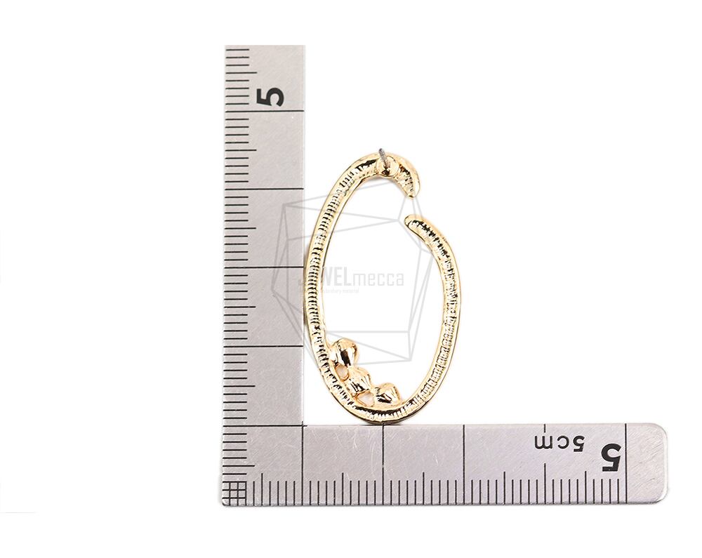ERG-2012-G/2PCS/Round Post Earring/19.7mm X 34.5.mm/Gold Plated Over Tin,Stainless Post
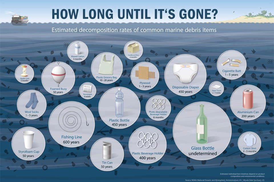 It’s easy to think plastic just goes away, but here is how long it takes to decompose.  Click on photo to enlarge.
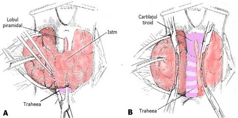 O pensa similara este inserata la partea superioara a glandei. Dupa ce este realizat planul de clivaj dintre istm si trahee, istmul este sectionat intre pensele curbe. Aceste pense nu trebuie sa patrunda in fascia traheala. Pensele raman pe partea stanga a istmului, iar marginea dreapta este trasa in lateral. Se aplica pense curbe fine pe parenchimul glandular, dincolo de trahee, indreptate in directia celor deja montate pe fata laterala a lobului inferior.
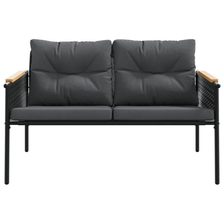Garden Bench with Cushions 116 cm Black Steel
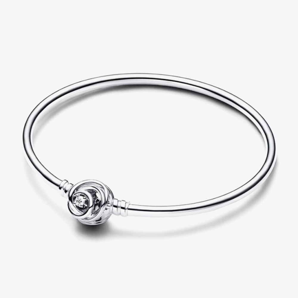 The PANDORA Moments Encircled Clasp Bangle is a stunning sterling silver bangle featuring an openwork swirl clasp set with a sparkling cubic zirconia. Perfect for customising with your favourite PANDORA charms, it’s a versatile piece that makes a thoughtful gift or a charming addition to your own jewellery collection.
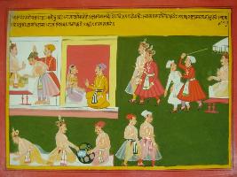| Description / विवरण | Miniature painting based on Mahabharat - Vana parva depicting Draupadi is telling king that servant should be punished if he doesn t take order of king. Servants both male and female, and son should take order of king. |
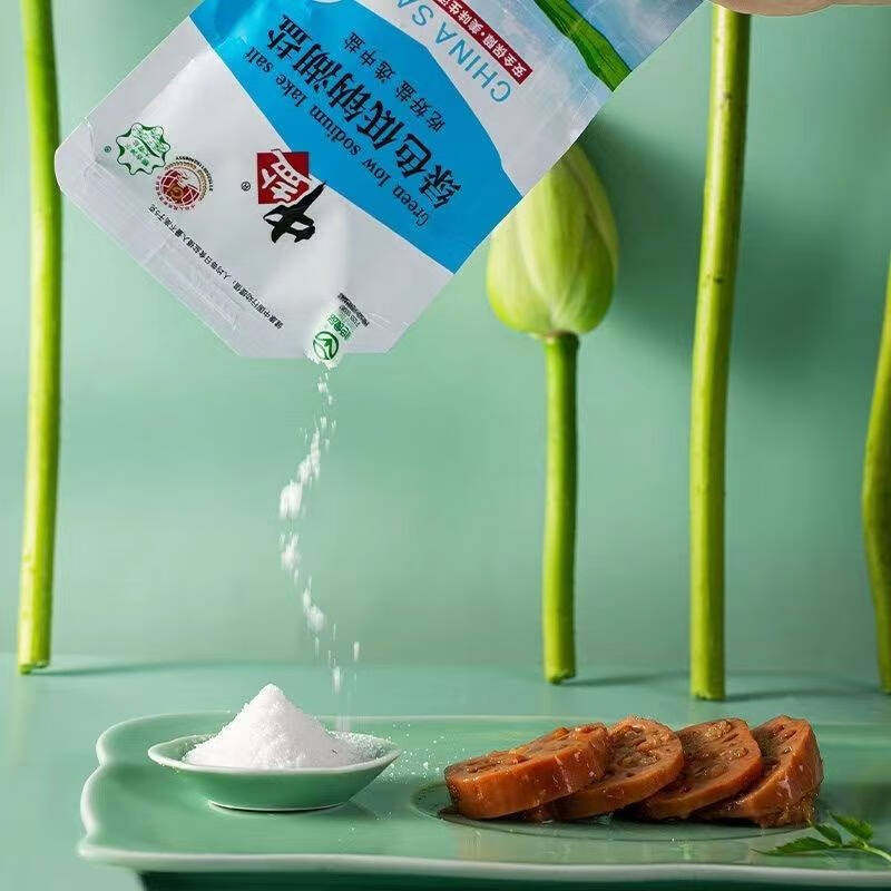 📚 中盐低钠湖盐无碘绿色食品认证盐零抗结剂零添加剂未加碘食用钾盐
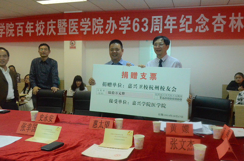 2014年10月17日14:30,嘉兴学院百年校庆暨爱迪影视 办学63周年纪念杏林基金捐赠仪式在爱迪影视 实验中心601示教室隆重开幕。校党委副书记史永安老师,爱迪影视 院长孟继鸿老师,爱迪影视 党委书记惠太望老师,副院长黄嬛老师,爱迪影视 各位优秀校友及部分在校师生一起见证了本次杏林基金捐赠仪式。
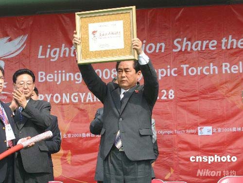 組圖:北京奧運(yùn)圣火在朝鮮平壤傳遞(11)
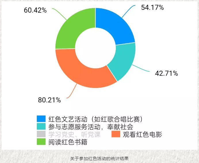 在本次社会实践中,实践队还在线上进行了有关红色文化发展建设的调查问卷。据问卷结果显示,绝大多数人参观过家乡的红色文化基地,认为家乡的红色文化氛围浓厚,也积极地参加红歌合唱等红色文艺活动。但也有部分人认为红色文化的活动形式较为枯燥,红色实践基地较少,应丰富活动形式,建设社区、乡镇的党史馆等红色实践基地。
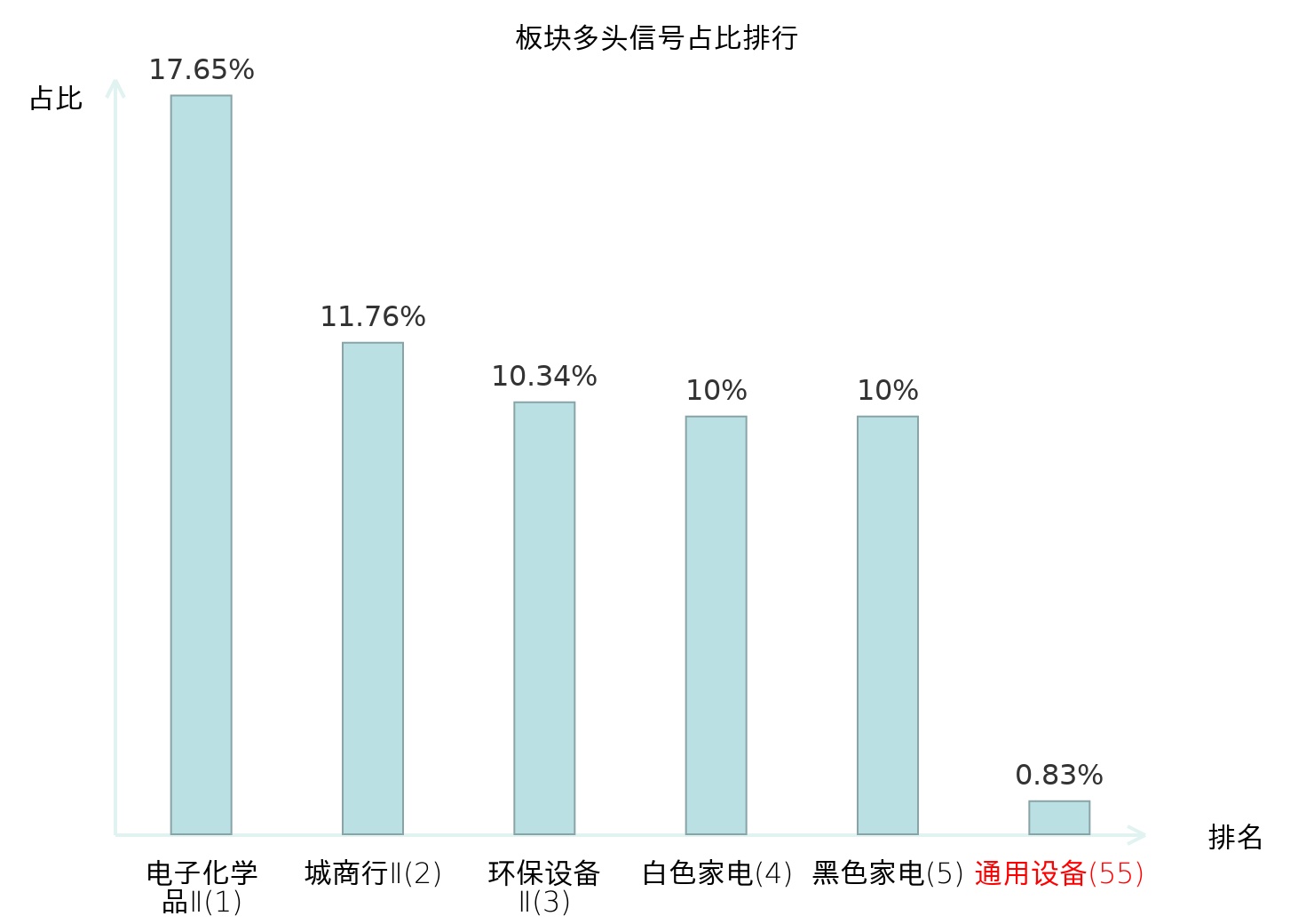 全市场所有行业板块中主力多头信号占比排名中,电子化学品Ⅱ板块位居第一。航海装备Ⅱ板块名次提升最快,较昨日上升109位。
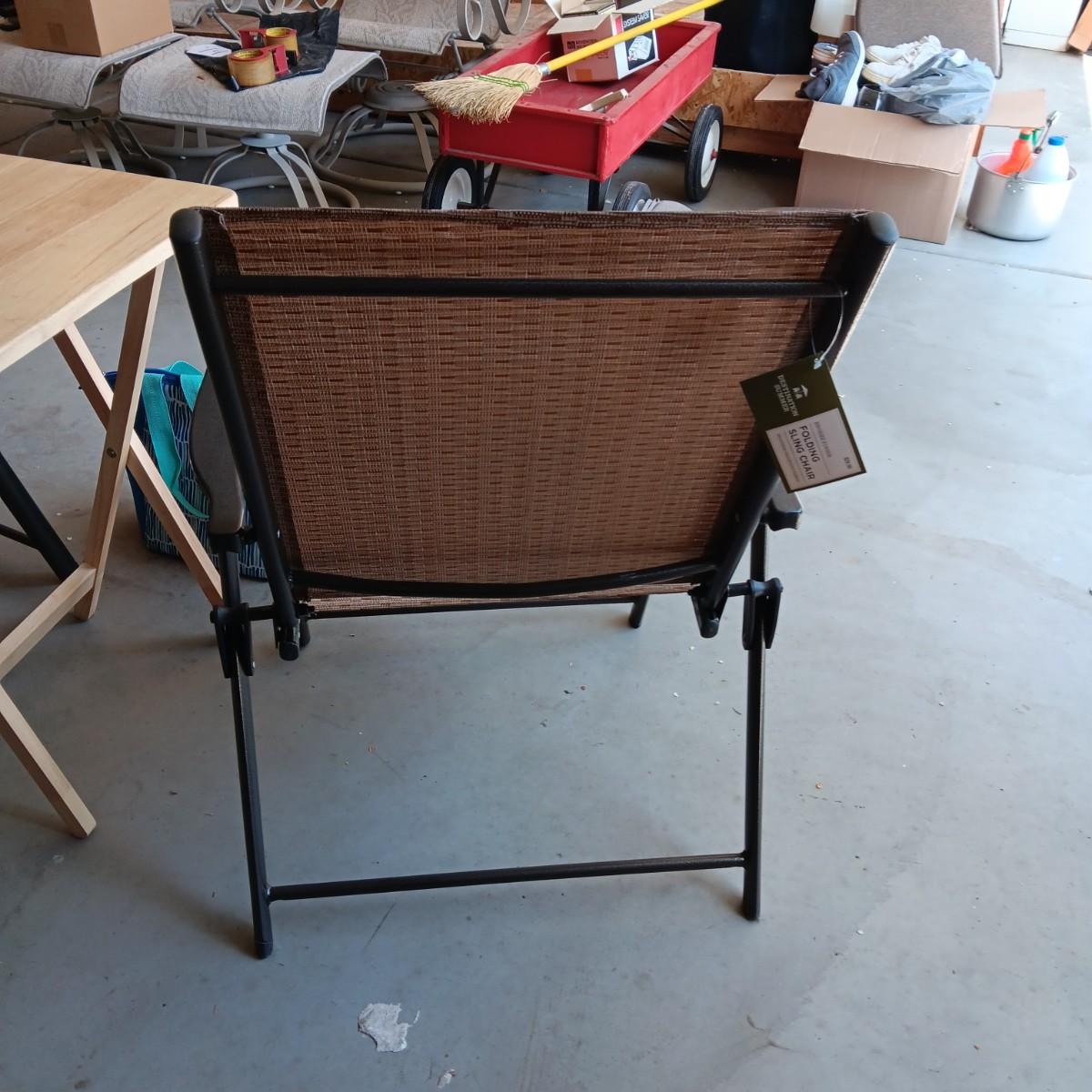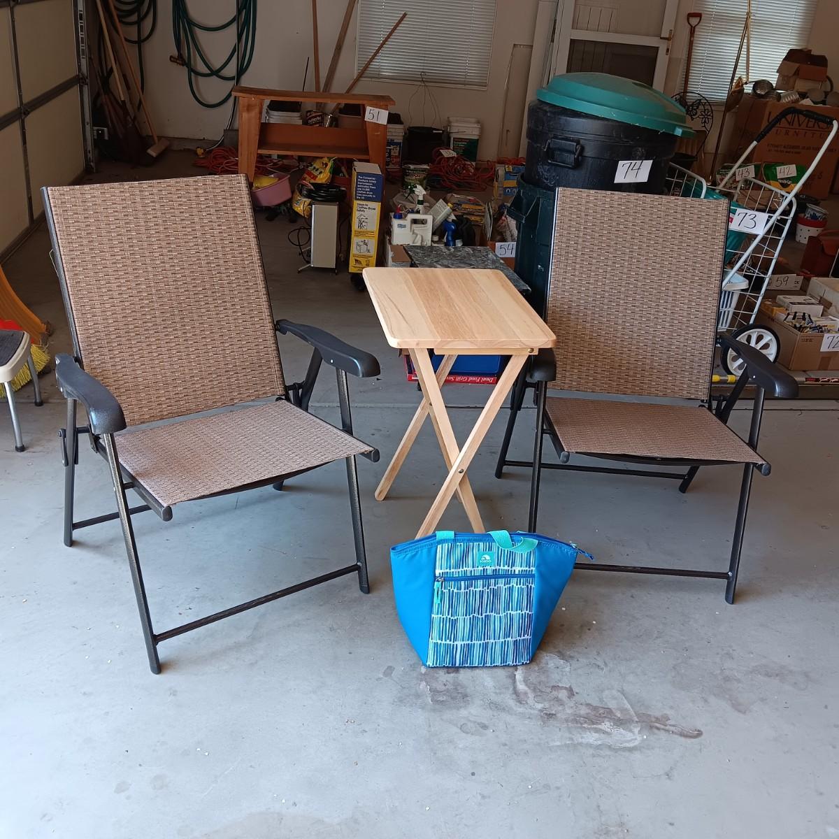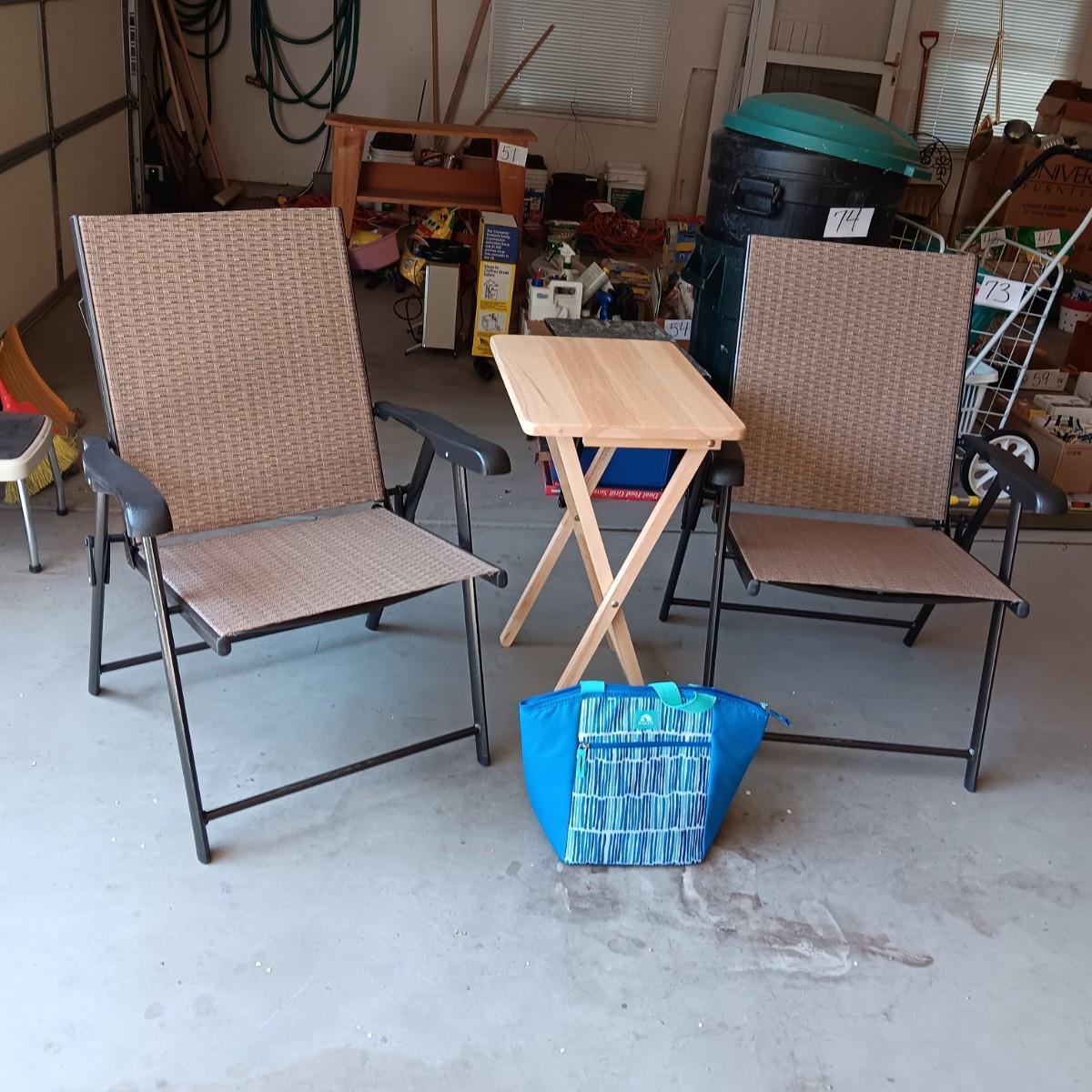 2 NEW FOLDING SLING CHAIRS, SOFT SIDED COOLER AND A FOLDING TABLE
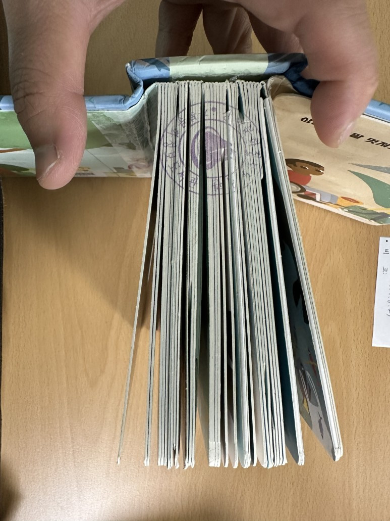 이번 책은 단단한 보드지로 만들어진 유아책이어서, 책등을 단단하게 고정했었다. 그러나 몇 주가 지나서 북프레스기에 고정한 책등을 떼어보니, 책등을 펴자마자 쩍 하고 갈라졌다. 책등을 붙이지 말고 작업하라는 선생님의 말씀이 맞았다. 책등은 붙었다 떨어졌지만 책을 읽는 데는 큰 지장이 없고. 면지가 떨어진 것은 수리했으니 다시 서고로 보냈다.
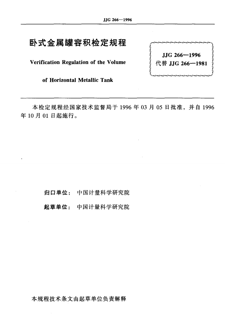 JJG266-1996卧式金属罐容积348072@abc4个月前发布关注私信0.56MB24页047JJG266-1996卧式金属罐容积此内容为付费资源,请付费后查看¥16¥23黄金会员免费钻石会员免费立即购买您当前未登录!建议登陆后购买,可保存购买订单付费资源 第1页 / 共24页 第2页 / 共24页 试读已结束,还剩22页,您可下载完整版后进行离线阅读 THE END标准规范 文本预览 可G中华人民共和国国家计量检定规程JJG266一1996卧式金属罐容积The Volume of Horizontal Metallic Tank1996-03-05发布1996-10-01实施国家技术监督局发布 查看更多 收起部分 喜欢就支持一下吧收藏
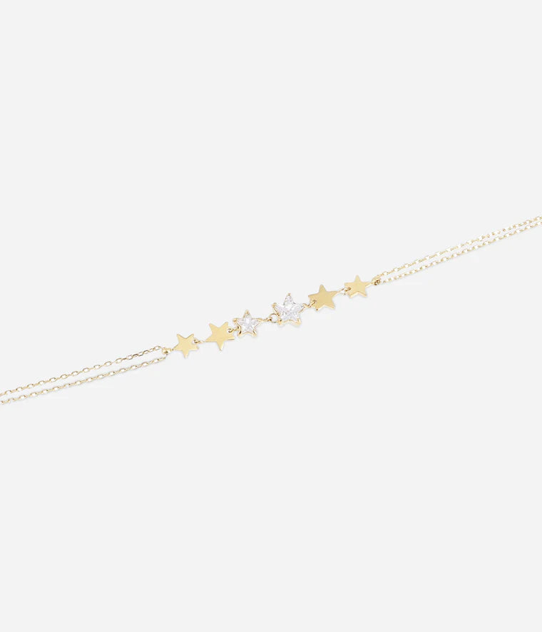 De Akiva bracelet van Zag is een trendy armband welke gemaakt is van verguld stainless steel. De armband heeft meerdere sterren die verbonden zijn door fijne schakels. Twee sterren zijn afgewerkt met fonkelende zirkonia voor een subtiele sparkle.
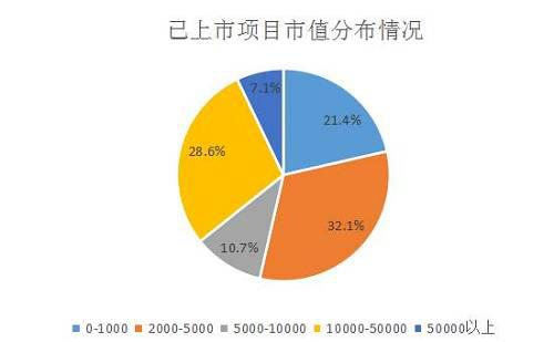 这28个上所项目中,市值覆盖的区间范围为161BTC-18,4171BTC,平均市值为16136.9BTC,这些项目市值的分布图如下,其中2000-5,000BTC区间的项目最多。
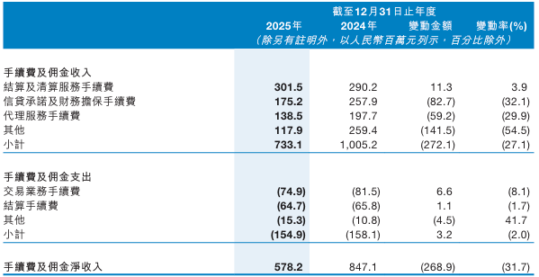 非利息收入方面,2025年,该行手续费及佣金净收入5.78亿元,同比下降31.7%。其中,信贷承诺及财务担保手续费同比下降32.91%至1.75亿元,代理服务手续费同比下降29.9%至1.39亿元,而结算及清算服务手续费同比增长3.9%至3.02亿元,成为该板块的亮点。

:::

Work request. From the line holding "order of king. |" to the line holding "2 NEW FOLDING", both included, retype the entries above exactly and drop the pictures.

Written answer.
| Description / विवरण | Miniature painting based on Mahabharat - Vana parva depicting Draupadi is telling king that servant should be punished if he doesn t take order of king. Servants both male and female, and son should take order of king. |
 📚 中盐低钠湖盐无碘绿色食品认证盐零抗结剂零添加剂未加碘食用钾盐
 2014年10月17日14:30,嘉兴学院百年校庆暨爱迪影视 办学63周年纪念杏林基金捐赠仪式在爱迪影视 实验中心601示教室隆重开幕。校党委副书记史永安老师,爱迪影视 院长孟继鸿老师,爱迪影视 党委书记惠太望老师,副院长黄嬛老师,爱迪影视 各位优秀校友及部分在校师生一起见证了本次杏林基金捐赠仪式。
 組圖:北京奧運(yùn)圣火在朝鮮平壤傳遞(11)
 在本次社会实践中,实践队还在线上进行了有关红色文化发展建设的调查问卷。据问卷结果显示,绝大多数人参观过家乡的红色文化基地,认为家乡的红色文化氛围浓厚,也积极地参加红歌合唱等红色文艺活动。但也有部分人认为红色文化的活动形式较为枯燥,红色实践基地较少,应丰富活动形式,建设社区、乡镇的党史馆等红色实践基地。
 全市场所有行业板块中主力多头信号占比排名中,电子化学品Ⅱ板块位居第一。航海装备Ⅱ板块名次提升最快,较昨日上升109位。
 2 NEW FOLDING SLING CHAIRS, SOFT SIDED COOLER AND A FOLDING TABLE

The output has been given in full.